I would be somewhat sated if they had put an X1 in the 1480. But they didn't. The poor ST performance of the A78 really hurts the experience in the midrange Galaxy phones, becuase Samsung's OneUI android skin is really heavy and needs strong ST performance to have a smooth experience.
 
  • Like
Reactions: Tlh97 and ikjadoon

FlameTail

Diamond Member
Dec 15, 2021
4,384
2,761
106
Are there any Geekbench 6 subtests that benefit from SVE2, like object detection does with SME?
 

SpudLobby

Golden Member
May 18, 2022
1,041
701
106
So I'm thinking that the Client CSS stuff we're seeing now is basically what Qualcomm was talking about in their lawsuit a couple of years ago with the whole "you'll have to bundle Cortex with Mali" complaint.
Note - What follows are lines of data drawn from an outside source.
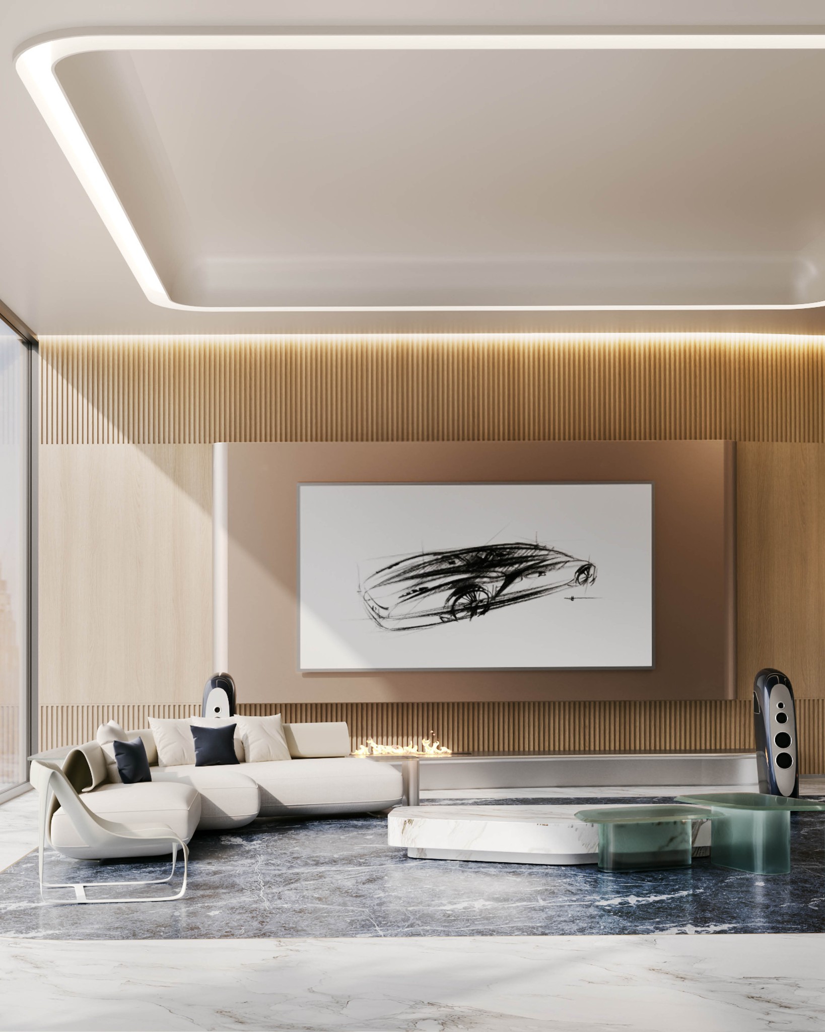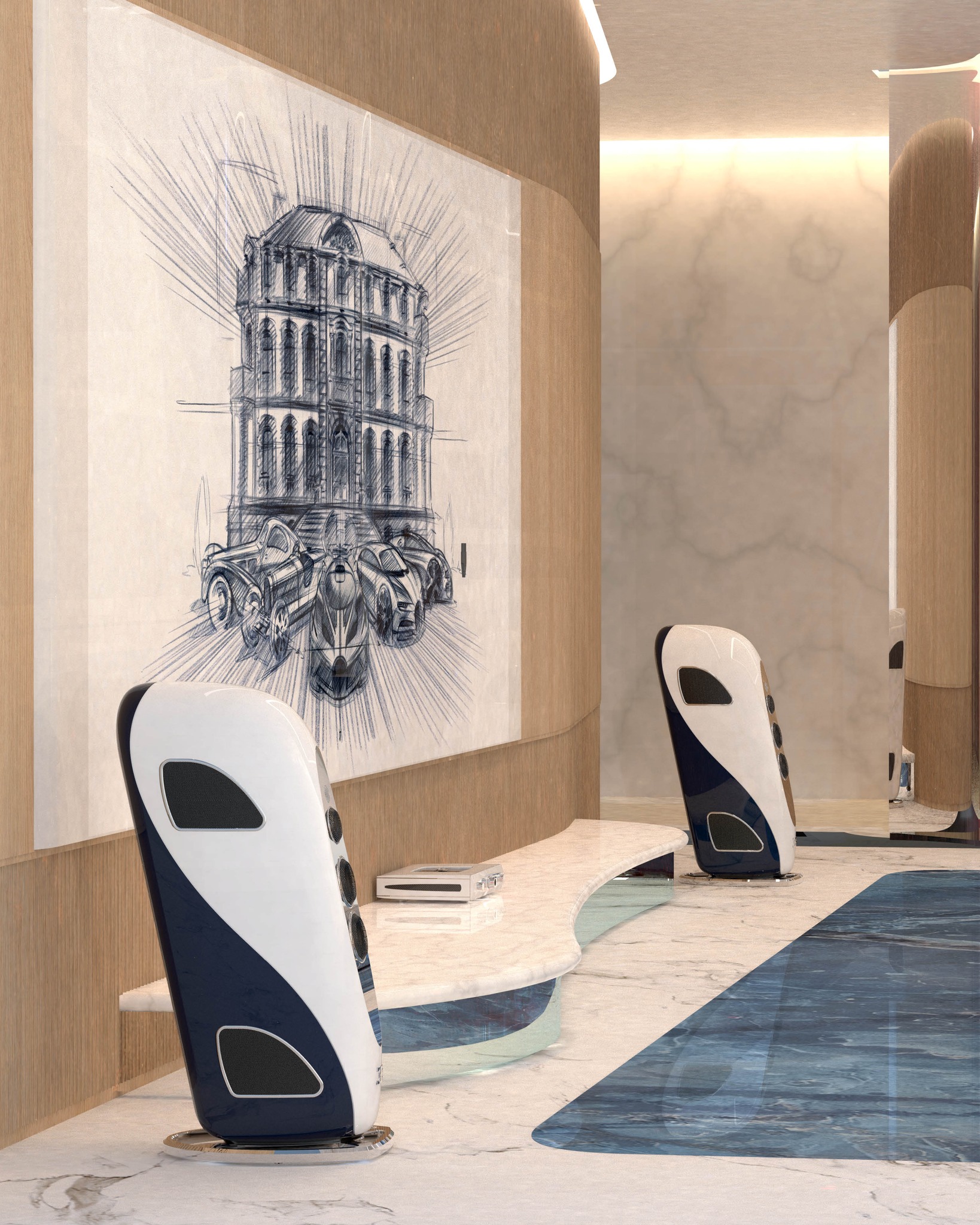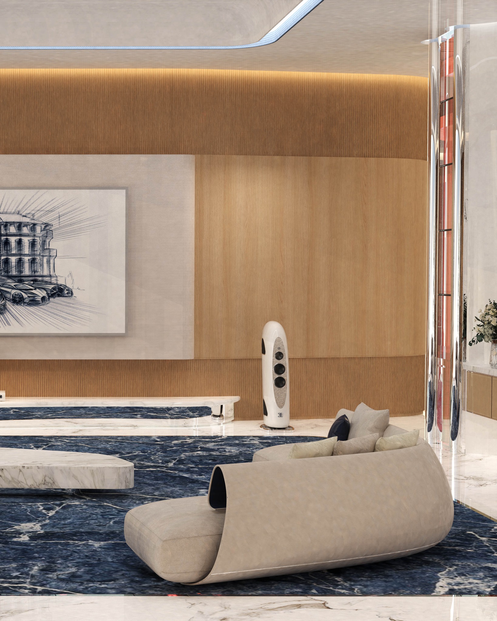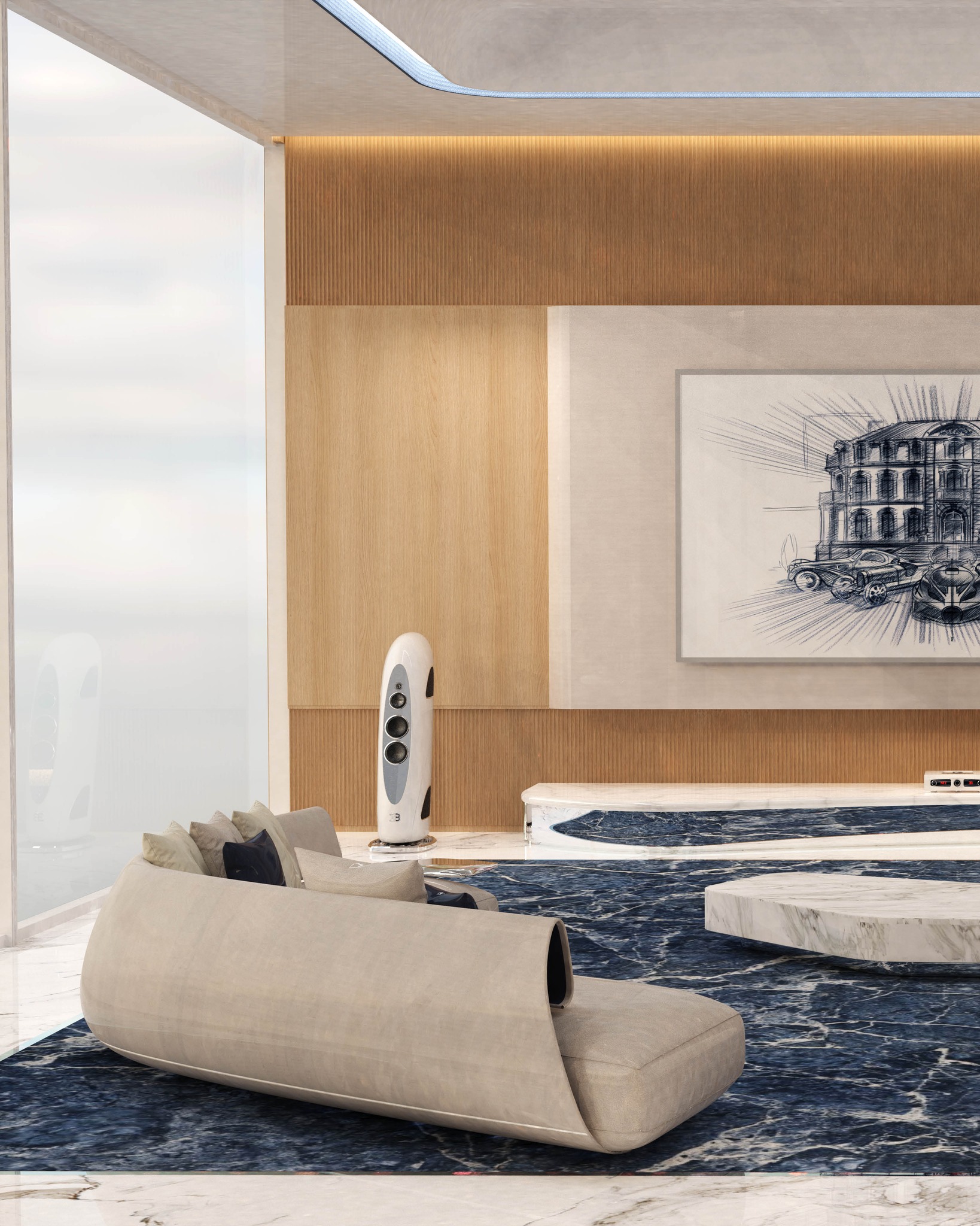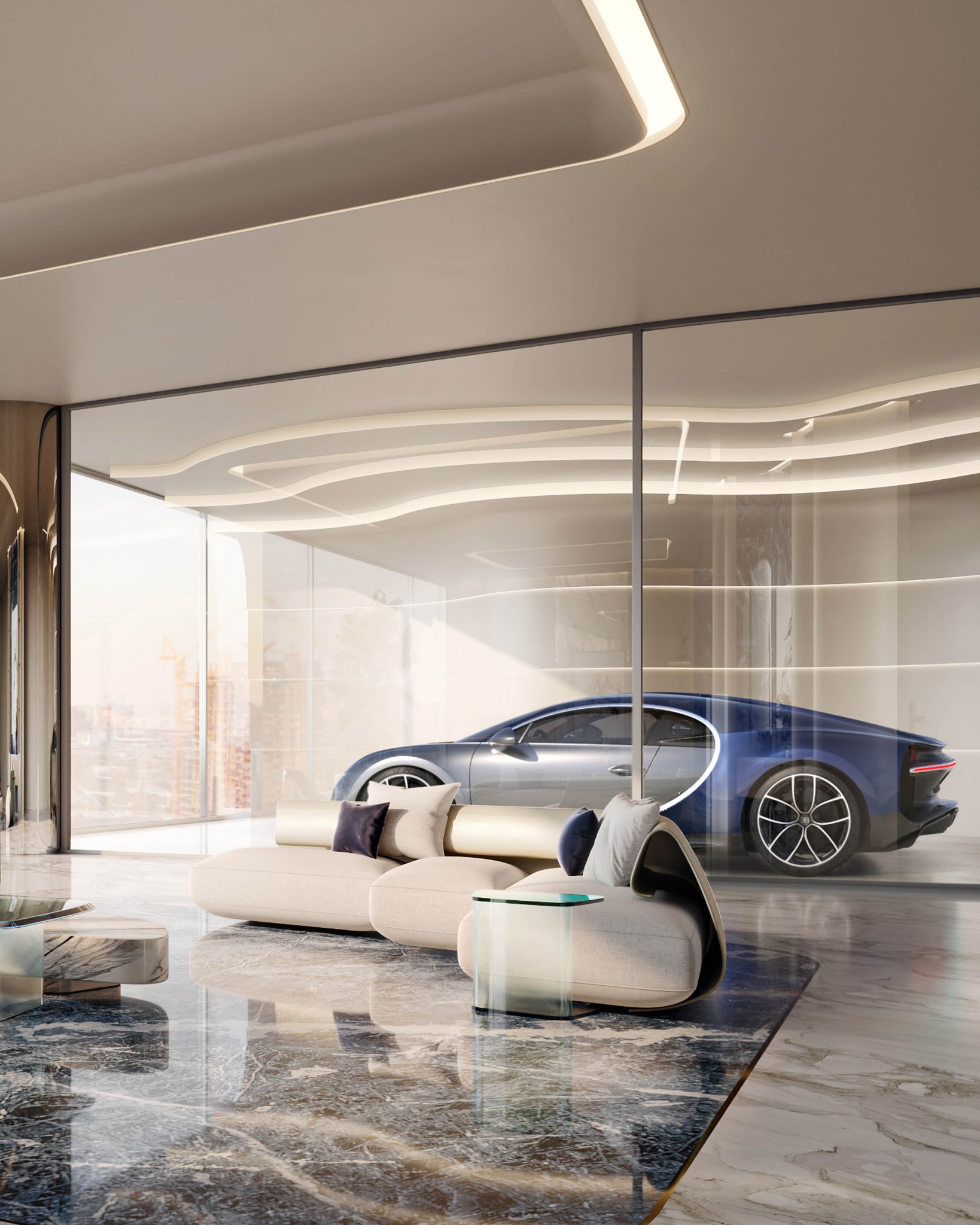Bugatti Residences by Binghatti ที่พักอาศัยสุดหรูใจกลางดูไบ เป็นตึกสูง 43 ชั้น ยูนิตทั้งหมด 183 ยูนิต แบ่งเป็น Riviera Mansions 171 ห้อง และ Sky Mansion Penthouse 11 ห้อง สำหรับงานตกแต่งในแต่ละห้องจะได้รับการคัดสรรเฟอร์นิเจอร์ต่างๆ เป็นอย่างดี ด้วยความร่วมมือจาก Luxury Living Group ผู้ออกแบบ ผลิต และจัดจำหน่ายเฟอร์นิเจอร์แบรนด์ Bugatti รวมถึง Versace, Dolce&Gabbana, Trussardi, Bentley Motors และแบรนด์ของตัวเอง Luxence Luxury Living นอกจากนี้ยังร่วมมือกับ TIDAL Audio แบรนด์เครื่องเสียงระดับไฮเอนด์ ติดตั้งเครื่องเสียงรุ่นพิเศษดีไซน์เฉพาะ Bugatti ที่จะมอบประสบการณ์เสียง และดีไซน์ดุจงานศิลปะสำหรับที่พักอาศัยของคุณ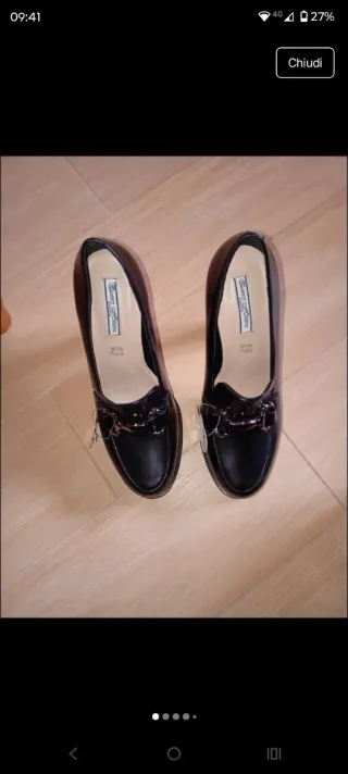 Eleganti scarpe con tacco del marchio Queen Helena. - Modello a punta con dettaglio a catena. - Tomaia in pelle lucida. - Tacco alto e stabile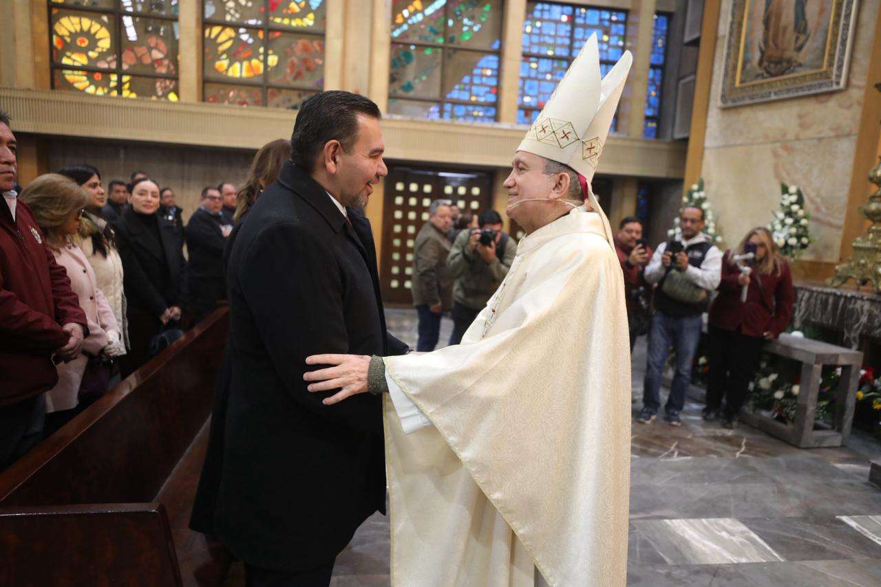Ciudad Juárez.- El Presidente Municipal, Cruz Pérez Cuéllar, en compañía de su esposa Rubí Enríquez, acudió a la misa celebrada en la Catedral de Nuestra Señora de Guadalupe, con motivo de la celebración del 366 aniversario de la Fundación de Ciudad Juárez.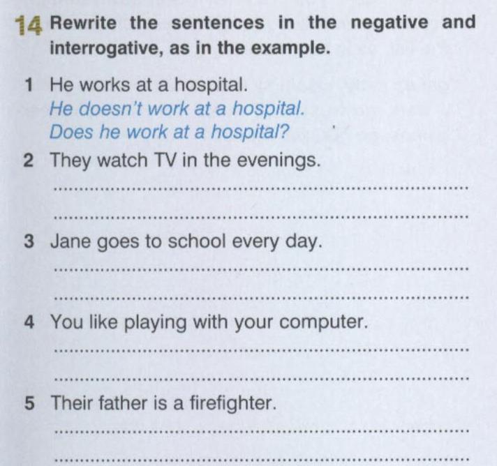 their father is a firefighter из утвердительного предложения построить отрицательное предложение и вопросительное ещё вот сделай
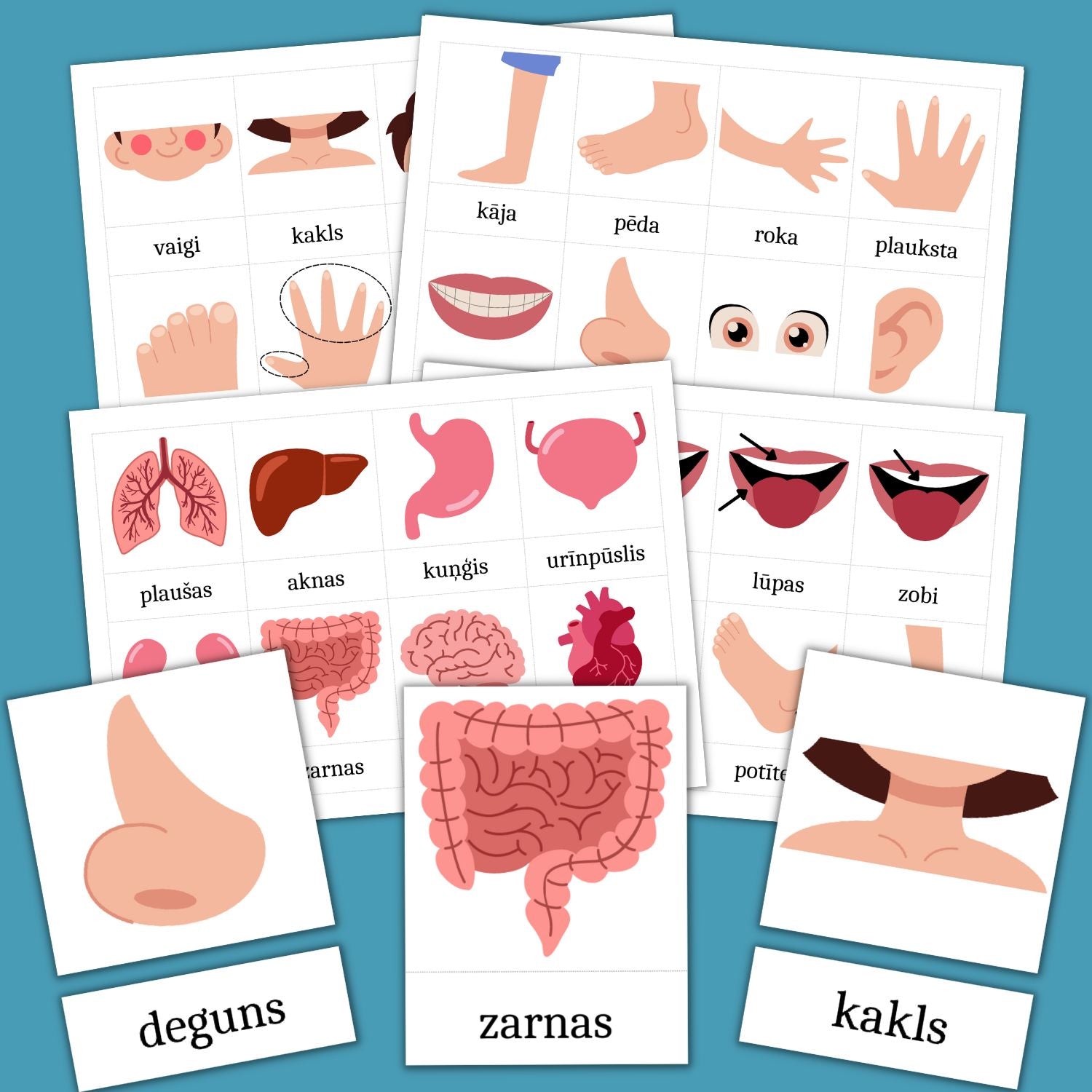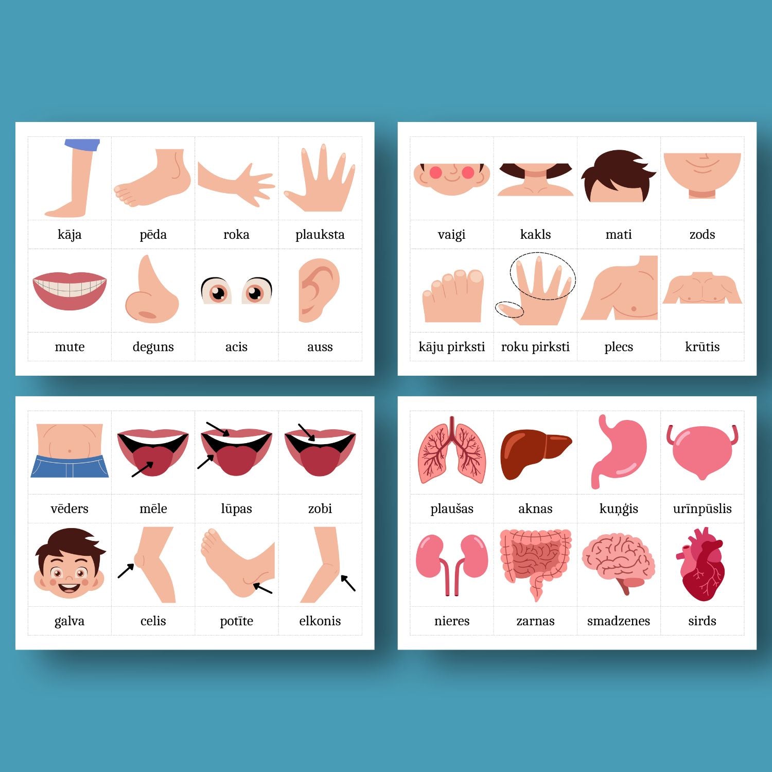 Kartītes: Ķermeņa daļas un iekšējie orgāni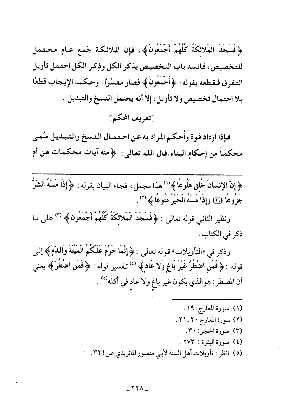 وذكر في التأويلات" قوله تعالى: {إِنَّمَا حَرَّمَ عَلَيْكُمْ الْمَيْتَةَ وَالدَّمَ} إلى قوله: {فَمَنْ اضْطُرَّ غَيْرَ بَاغٍ وَلا عَادٍ} تفسير قوله: {فَمَنْ اضْطُرَّ} يعني أن المضطر: هو الذي يكون غير باغ ولا عاد في أكله.

Going to be interesting to see what that ends up looking like in practice - I have a hard time believing that Nvidia and Samsung (and, for that matter, Renesas) will just be forced onto Mali for their lineups.
Yes, I agree. I think it was an exaggeration. But it is kind of interesting, where they’re going with CSS.
Indeed. Not sure what adroc_thurston read.

That being said - I'd expect SVE and NEON to use the same backend resources. I believe this is six full 128b pipes.
Yes exactly. I don’t see why it would be SVE or NEON only. Should just be SVE x 6.
 
  • Like
Reactions: Tlh97 and FlameTail

ikjadoon

Senior member
Sep 4, 2006
241
519
146
On a different topic, Arm's hesitancy to put absolute numbers on its charts is not inspiring, but if we want to do some pixel peeping:

cortex-x925-scperf.png


With the helpful note from @SarahKerrigan that "2023 Best-in-Class @ 3.8GHz" is likely referring to the late 2023 Apple A17 Pro (P-cores @ 3.78 GHz), as it lines up quite closely:

Each tick mark appears to be 10%. And, it seems to align up: the A17 Pro is ~28% faster in 1T than the 8G3 for Galaxy, which is close to the chart's ~26% faster via the rough bar width.

From @uzzi38's earlier image, I've added it, too, as 1.15x multipliers if "ISO" seemingly means frequency only.

x925-performance.png


Predicted 1T GB6.2 scores & "IPC" are in bold and were calculated from the bar widths. Thus, for the "Cortex-X925 @ 3.8 GHz" score, it's the X4 2287 base score * 1.33 bar width = 3041.71, rounded to 3042.

Arm Marketing NameRough Bar WidthPossible SoCClockGB6.2 1TGB6.2 1T Pts / GHz "IPC""IPC" Relative
2023 Premium Android1.0QC SD8G3 for Galaxy3.39 GHz2287674.6100.0%
2023 Best-in-Class @ 3.8 GHz1.26xApple A17 Pro3.78 GHz2930775.1114.9%
Cortex-X925 @ 3.8 GHz1.33x??3.80 GHz3042800.5118.7%
Cortex-X925 @ 38 GHz (+ sw & sys "optimizations")1.36x??3.80 GHz3110818.5121.3%
X925 vs X4 "ISO"1.15x??3.60 GHz2793775.8115.0%
X925 vs X4 "ISO"1.15x??3.80 GHz2948775.8115.0%
n/an/aApple M44.38 GHz3715848.2125.7%

Sources:
//

So is X925 a GB6.2 1T Perf / GHz gain of +15% or +19% over X4? I can't argue that my pixel counting nor rounding are very precise.

Thus a range of GB6.2 1T runs, assuming +15% Pts / Ghz (2nd chart estimate from "ISO" comparisons) to +18.7% Pts / Ghz (1st chart estimates from "1.33x").

Hypothetical 3.6 GHz X925 core: ~2793 → ~2883
Hypothetical 3.8 GHz X925 core: ~2948 → ~3042

I'd rather not consider the "optimized" estimate (+21.3% IPC gain) as it's unclear what those optimizations actually are and how they would affect the Cortex-X4.

All this, when Arm could just label their silly charts. I might have some typos to fix tomorrow, too.